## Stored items
##############################
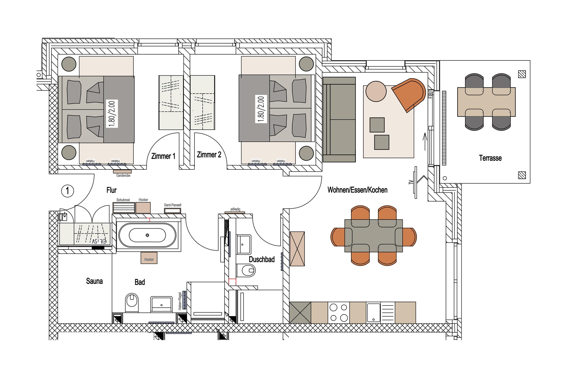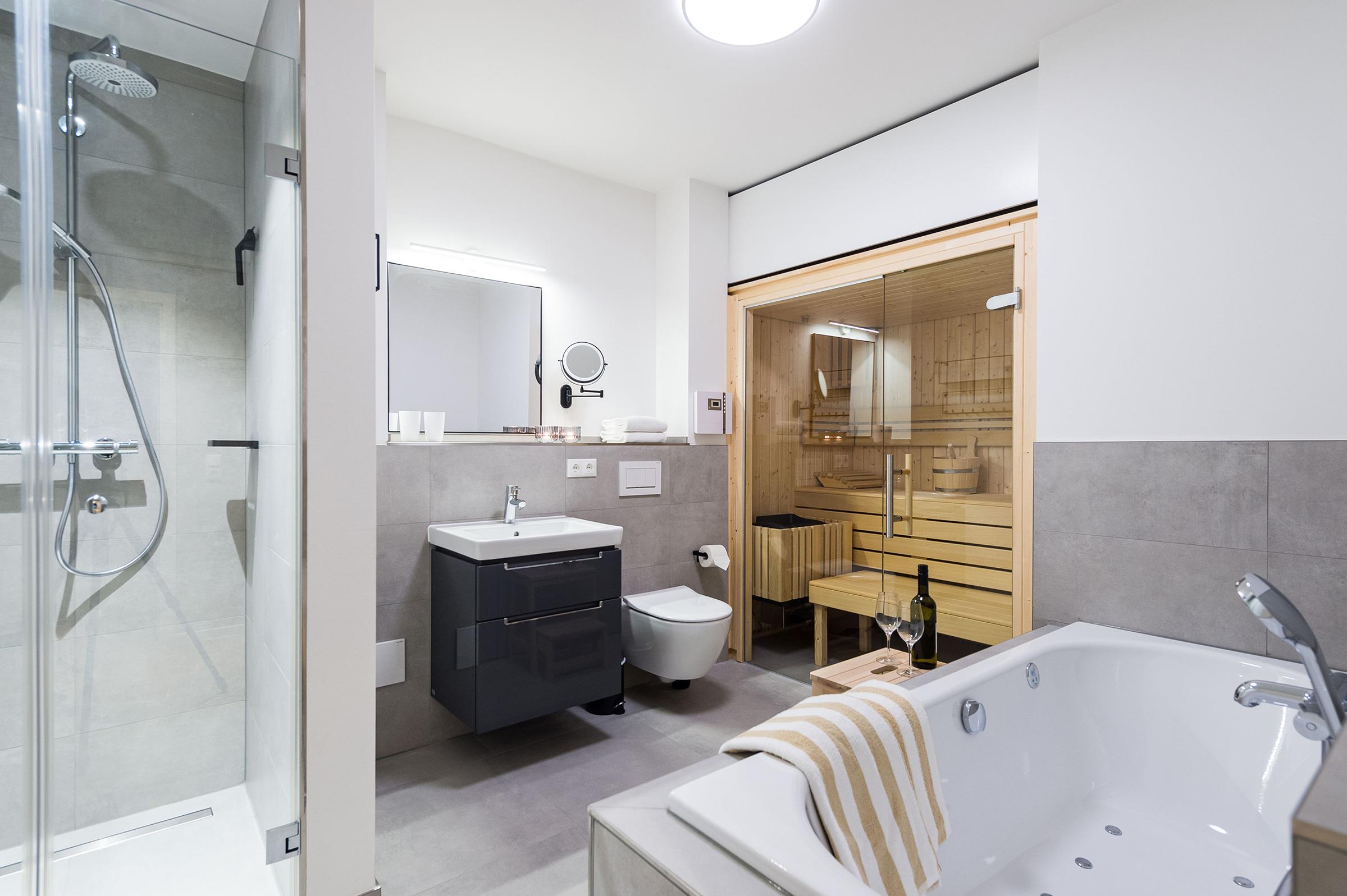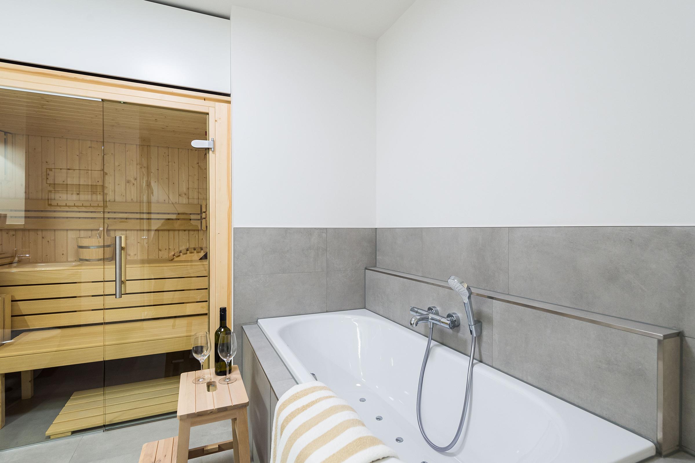 Sie ist für bis zu 4 Personen buchbar (2 Schlafzimmer mit Doppelbetten 180 x 200 cm) (der angegebene Preis bezieht sich immer auf 2 Erwachsene und 2 Kinder, extra Personen können ggf. auf Anfrage dazu gebucht werden) und verfügt über eine gehobene 5-Sterne-Ausstattung: 2 Badezimmer, 1 Sauna, 1 Whirlwanne sowie 1 Terrasse. Die Küche ist komplett ausgestattet und bietet einen großen Esstisch für bis zu 6 Personen. Zudem gibt es einen Geschirrspüler, einen Kühlschrank inkl. Gefrierfach, eine Mikrowelle sowie einen Waschtrockner. Im Wohnbereich erwartet Sie ein 50-Zoll-Smart-TV sowie der Zugang zur großzügigen Terrasse. Die Terrasse ist ebenfalls mit einem Esstisch ausgestattet. Selbstverständlich bieten wir schnelles und kostenfreies WLAN sowie einen PKW-Stellplatz direkt am Haus.
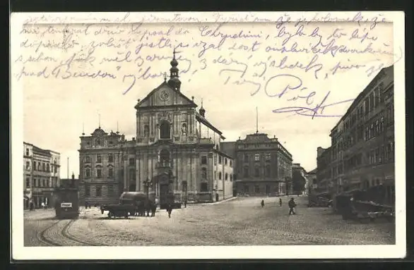 AK Troppau /Opava, Jesuitenkirche mit Strassenbahn
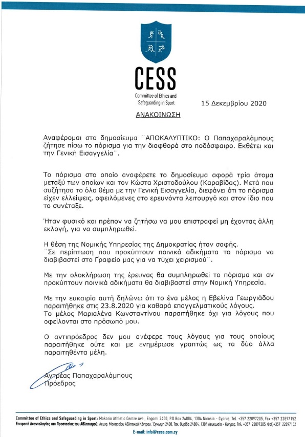 Ο Πρόεδρος της Επιτροπής Δεοντολογίας και Προστασίας του Αθλητισμού, Ανδρέας Παπαχαραλάμπους με ανακοίνωση του δίνει εξηγήσεις για το γεγονός πως ζήτησε πίσω το πόρισμα που παρέδωσε στη Γενική Εισαγγελία.
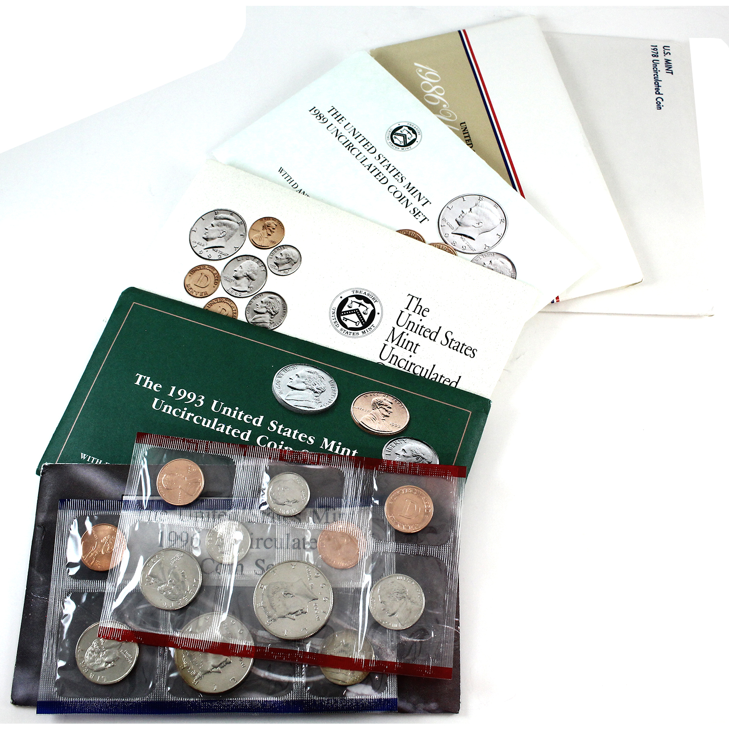 INCLUDES: 1978, 1986, 1989, 1992 (slight corrosion on red half), 1993, & 1996. Light to moderate toning on coins, slight wear on outer packaging. 6pcs.
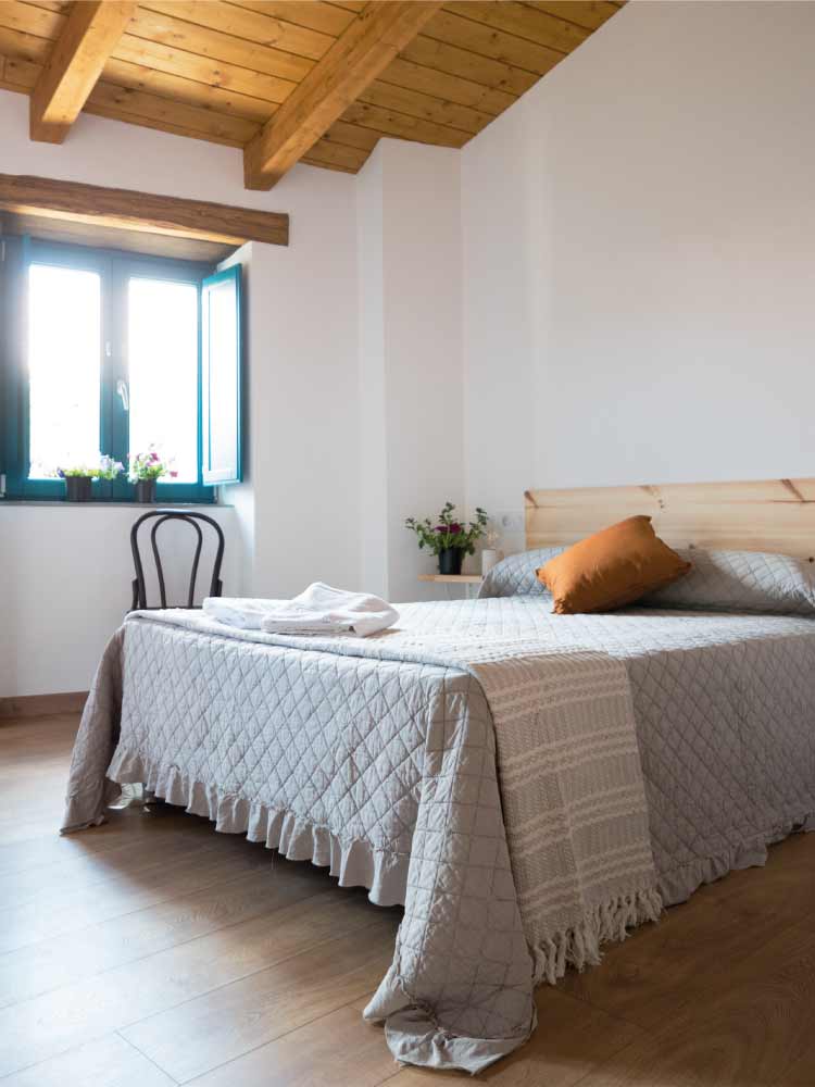 Habitación doble grande con cama de matrimonio. Acceso a todas las zonas comunes. Posibilidad de 1 mascota (+5€). Wi-fi solo en salón común. Desayuno incluido.
##############################
## PROBLEM STATEMENT
Give back every record above exactly as written, skipping each picture.

## TASK ANSWER
 Sie ist für bis zu 4 Personen buchbar (2 Schlafzimmer mit Doppelbetten 180 x 200 cm) (der angegebene Preis bezieht sich immer auf 2 Erwachsene und 2 Kinder, extra Personen können ggf. auf Anfrage dazu gebucht werden) und verfügt über eine gehobene 5-Sterne-Ausstattung: 2 Badezimmer, 1 Sauna, 1 Whirlwanne sowie 1 Terrasse. Die Küche ist komplett ausgestattet und bietet einen großen Esstisch für bis zu 6 Personen. Zudem gibt es einen Geschirrspüler, einen Kühlschrank inkl. Gefrierfach, eine Mikrowelle sowie einen Waschtrockner. Im Wohnbereich erwartet Sie ein 50-Zoll-Smart-TV sowie der Zugang zur großzügigen Terrasse. Die Terrasse ist ebenfalls mit einem Esstisch ausgestattet. Selbstverständlich bieten wir schnelles und kostenfreies WLAN sowie einen PKW-Stellplatz direkt am Haus.
 AK Troppau /Opava, Jesuitenkirche mit Strassenbahn
 Ο Πρόεδρος της Επιτροπής Δεοντολογίας και Προστασίας του Αθλητισμού, Ανδρέας Παπαχαραλάμπους με ανακοίνωση του δίνει εξηγήσεις για το γεγονός πως ζήτησε πίσω το πόρισμα που παρέδωσε στη Γενική Εισαγγελία.
 INCLUDES: 1978, 1986, 1989, 1992 (slight corrosion on red half), 1993, & 1996. Light to moderate toning on coins, slight wear on outer packaging. 6pcs.
 Habitación doble grande con cama de matrimonio. Acceso a todas las zonas comunes. Posibilidad de 1 mascota (+5€). Wi-fi solo en salón común. Desayuno incluido.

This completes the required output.